Targeting of protein and peptide to CD169 results in long-lasting T cell responses. (A) Percentage of IFNγ producing CD8⁺ T cells (left panel) and IFNγ single and IFNγ /IL-2 double producing CD8⁺ T cells (right panel) after 5 h in vitro restimulation with SIINFEKL 28 days after immunization. (B) Percentage of CD8⁺ T cells binding H-2Kb-SIINFEKL tetramers 28 days after immunization. (C) Percentage of IFNγ single and IFNγ /IL-2 double producing CD8⁺ T cells after 5 h in vitro restimulation with SIINFEKL 7 days after immunization. (D) Percentage of central memory (CD44⁺CD62L⁺) and effector (CD44⁺CD62L⁻) antigen-specific CD8⁺ T cells at day 7 after immunization and representative dotplots for Tet⁺ and Tet⁻ CD8⁺ T cells are depicted. (A–D) 1 representative experiment of 2 is shown with 6 mice per group with a representative dotplot for each group. Statistical analysis one-way ANOVA with bonferroni's multiple comparison test ***p < 0.001.

Figure 3

Memory CD8⁺ T cell responses after targeting antigen to CD169. Mice were initially immunized with indicated Ab:Ag conjugates and the immune response was boosted 28 days later with 1 μg free SIINFEKL peptide in the presence of adjuvants, 7 days after boost splenocytes were used for analysis. (A) Percentage of IFNγ producing CD8⁺ T cells (left panel) and of IFNγ single and IFNγ/IL-2 double producing CD8⁺ T cells (right panel) after 5 h in vitro restimulation with SIINFEKL peptide. (B) Percentage of CD8⁺ T cells binding H-2Kb-SIINFEKL tetramers 28 days after immunization. (C) Percentage of central memory (CD44⁺CD62L⁺) and effector (CD44⁺CD62L⁻) of tetramer⁺ CD8⁺ T cells and representative dotplots for Tet⁺ and Tet⁻ CD8⁺ T cells are depicted. (A–C) Combined results of 2 experiments is shown with 4–6 mice per group with a representative dotplot for each group. Statistical analysis one-way ANOVA with bonferroni's multiple comparison test **p < 0.01.

Figure 4

Targeting of protein and peptide to CD169 results in the induction of tumor reactive T cell responses. (A–E) Mice were inoculated with 200,000 B16OVA tumor cells at day 0, on day 3 mice were immunized with indicated Ab:Ag conjugates in the presence of anti-CD40 Ab and Poly(I:C). Tumor size was monitored three times a week and mice were sacrificed based on physical appearance or tumor size. (A) Tumor size on different days after tumor inoculation, mean ± SEM is shown.
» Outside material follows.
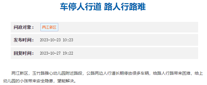 接到刘先生的情况反映后,华龙网重庆网络问政平台及时联动了两江新区,10月27日,两江新区大竹林街道进行了回复。

Two-way ANOVA with Bonferroni correction comparing all groups on the last day of the experiment, only significant differences are depicted. (B) Tumor size per group of each mouse after tumor inoculation (C) Percentage of surviving mice on indicated days after tumor inoculation. (D) Tumor volume as in (A), but only showing the groups treated with the anti-CD169:Ag conjugates on a fitting scale. (E) Percentage of CD8⁺ T cells binding H-2Kb-SIINFEKL tetramers at indicated time points during the tumor experiment. (A–E) One experiment with 11 mice per group is shown. (F) Same as in (A), with treatment on day 7 after tumor cell inoculation, when all mice had a visible tumor. Data of one experiment with 11–12 mice per group is shown. Statistical analysis one-way ANOVA with bonferroni's multiple comparison test ***p < 0.001, ****p < 0.0001.